Study material.
= = = = =
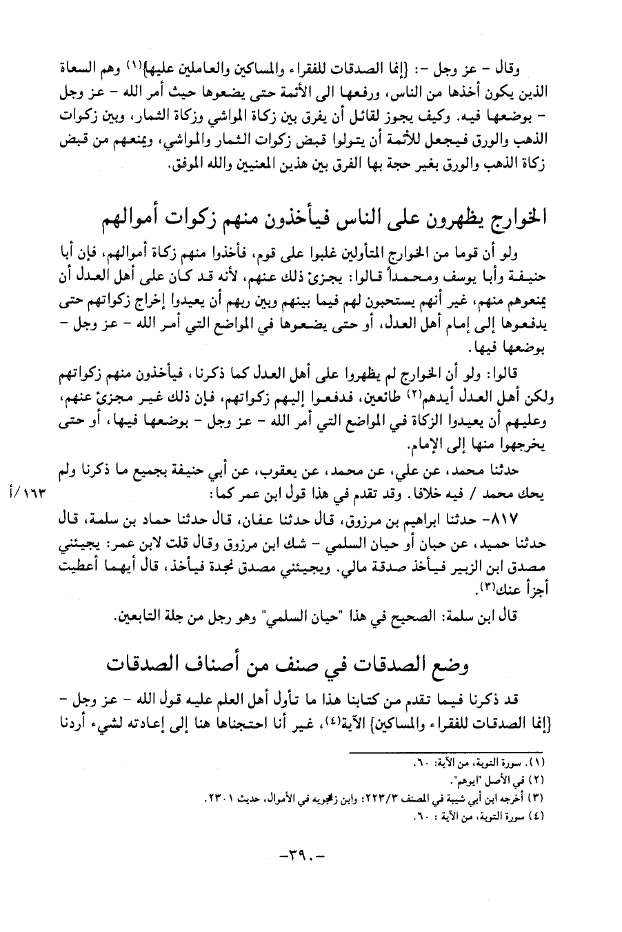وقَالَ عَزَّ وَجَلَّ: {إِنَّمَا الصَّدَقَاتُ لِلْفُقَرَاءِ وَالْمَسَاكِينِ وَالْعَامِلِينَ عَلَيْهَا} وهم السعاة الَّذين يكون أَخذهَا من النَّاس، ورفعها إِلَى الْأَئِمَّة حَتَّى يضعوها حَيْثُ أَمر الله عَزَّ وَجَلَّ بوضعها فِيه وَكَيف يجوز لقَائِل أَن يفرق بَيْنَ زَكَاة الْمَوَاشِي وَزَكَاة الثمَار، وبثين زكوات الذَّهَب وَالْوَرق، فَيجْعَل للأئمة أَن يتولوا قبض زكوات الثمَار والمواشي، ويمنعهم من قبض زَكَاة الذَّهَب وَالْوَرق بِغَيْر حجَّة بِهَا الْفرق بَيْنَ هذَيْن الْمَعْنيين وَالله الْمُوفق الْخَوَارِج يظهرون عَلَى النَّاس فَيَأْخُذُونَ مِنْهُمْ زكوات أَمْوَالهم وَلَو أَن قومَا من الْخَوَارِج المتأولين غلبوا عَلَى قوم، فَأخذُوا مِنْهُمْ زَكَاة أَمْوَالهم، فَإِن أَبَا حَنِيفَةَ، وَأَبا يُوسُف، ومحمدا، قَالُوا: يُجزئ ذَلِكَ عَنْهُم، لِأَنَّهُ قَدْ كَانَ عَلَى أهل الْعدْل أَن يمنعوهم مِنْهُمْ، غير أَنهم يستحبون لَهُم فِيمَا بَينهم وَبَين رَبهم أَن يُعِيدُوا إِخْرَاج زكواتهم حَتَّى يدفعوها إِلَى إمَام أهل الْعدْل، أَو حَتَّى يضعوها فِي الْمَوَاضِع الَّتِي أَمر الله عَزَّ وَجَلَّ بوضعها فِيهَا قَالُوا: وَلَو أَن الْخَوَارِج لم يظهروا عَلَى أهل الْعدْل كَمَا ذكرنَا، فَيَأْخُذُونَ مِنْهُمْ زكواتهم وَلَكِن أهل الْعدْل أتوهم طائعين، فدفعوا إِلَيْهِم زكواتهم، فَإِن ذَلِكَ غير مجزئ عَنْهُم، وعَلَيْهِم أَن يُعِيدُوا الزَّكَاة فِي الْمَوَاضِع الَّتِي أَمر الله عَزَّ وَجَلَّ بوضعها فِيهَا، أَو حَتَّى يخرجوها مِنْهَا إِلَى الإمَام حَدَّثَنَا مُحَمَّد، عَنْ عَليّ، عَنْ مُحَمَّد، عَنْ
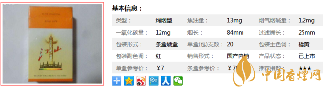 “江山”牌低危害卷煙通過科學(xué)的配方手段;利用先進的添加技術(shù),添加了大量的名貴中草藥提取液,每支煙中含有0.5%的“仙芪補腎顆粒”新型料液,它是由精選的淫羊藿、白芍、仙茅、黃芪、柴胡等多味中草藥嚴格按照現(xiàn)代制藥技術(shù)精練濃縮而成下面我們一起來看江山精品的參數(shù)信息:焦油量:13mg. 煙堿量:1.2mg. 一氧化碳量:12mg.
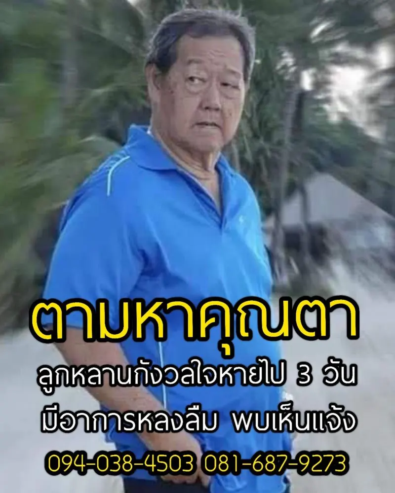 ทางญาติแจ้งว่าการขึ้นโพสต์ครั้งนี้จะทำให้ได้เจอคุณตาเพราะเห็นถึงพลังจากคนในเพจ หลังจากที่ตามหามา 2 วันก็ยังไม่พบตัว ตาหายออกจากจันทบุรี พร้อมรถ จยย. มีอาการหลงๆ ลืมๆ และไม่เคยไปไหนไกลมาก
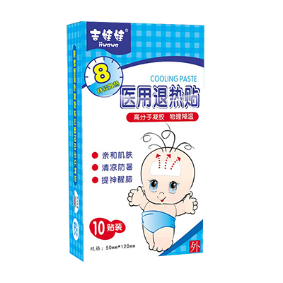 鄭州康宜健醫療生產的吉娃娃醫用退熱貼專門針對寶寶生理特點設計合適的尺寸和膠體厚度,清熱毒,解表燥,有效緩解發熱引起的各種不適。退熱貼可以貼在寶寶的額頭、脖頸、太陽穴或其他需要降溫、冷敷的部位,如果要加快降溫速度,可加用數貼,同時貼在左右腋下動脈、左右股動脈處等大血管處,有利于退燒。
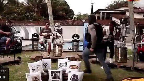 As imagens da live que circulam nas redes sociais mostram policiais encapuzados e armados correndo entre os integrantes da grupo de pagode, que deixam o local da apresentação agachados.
= = = = =
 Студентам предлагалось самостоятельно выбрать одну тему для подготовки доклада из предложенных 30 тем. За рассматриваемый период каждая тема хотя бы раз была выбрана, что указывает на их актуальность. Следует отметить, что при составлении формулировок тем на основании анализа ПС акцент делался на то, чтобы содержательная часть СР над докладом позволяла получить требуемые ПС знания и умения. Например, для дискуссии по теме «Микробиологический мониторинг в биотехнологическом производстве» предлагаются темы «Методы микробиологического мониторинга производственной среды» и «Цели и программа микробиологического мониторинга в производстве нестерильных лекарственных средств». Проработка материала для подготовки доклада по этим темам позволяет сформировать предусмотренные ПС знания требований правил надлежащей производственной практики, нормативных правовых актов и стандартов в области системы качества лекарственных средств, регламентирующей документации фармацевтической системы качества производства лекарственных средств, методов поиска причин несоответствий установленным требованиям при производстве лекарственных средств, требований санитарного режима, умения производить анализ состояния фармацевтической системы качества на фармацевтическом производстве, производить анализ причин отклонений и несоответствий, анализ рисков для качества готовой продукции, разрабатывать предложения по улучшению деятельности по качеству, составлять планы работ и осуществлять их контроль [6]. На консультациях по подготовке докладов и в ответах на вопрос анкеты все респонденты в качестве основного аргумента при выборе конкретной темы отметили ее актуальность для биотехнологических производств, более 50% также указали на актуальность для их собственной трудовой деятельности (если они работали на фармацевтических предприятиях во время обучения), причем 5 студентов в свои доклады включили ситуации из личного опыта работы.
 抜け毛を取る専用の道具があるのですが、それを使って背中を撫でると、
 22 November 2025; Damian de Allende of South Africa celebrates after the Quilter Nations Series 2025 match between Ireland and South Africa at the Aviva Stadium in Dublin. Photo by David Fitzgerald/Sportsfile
= = = = =
Task requirements. Look above for the line with "มีอาการหลงๆ ลืมๆ และไม่เคยไปไหนไกลมาก" and the line with "As imagens da", then copy exactly the lines from the first through the second, both kept, with no pictures.

Written reply.
 ทางญาติแจ้งว่าการขึ้นโพสต์ครั้งนี้จะทำให้ได้เจอคุณตาเพราะเห็นถึงพลังจากคนในเพจ หลังจากที่ตามหามา 2 วันก็ยังไม่พบตัว ตาหายออกจากจันทบุรี พร้อมรถ จยย. มีอาการหลงๆ ลืมๆ และไม่เคยไปไหนไกลมาก
 鄭州康宜健醫療生產的吉娃娃醫用退熱貼專門針對寶寶生理特點設計合適的尺寸和膠體厚度,清熱毒,解表燥,有效緩解發熱引起的各種不適。退熱貼可以貼在寶寶的額頭、脖頸、太陽穴或其他需要降溫、冷敷的部位,如果要加快降溫速度,可加用數貼,同時貼在左右腋下動脈、左右股動脈處等大血管處,有利于退燒。
 As imagens da live que circulam nas redes sociais mostram policiais encapuzados e armados correndo entre os integrantes da grupo de pagode, que deixam o local da apresentação agachados.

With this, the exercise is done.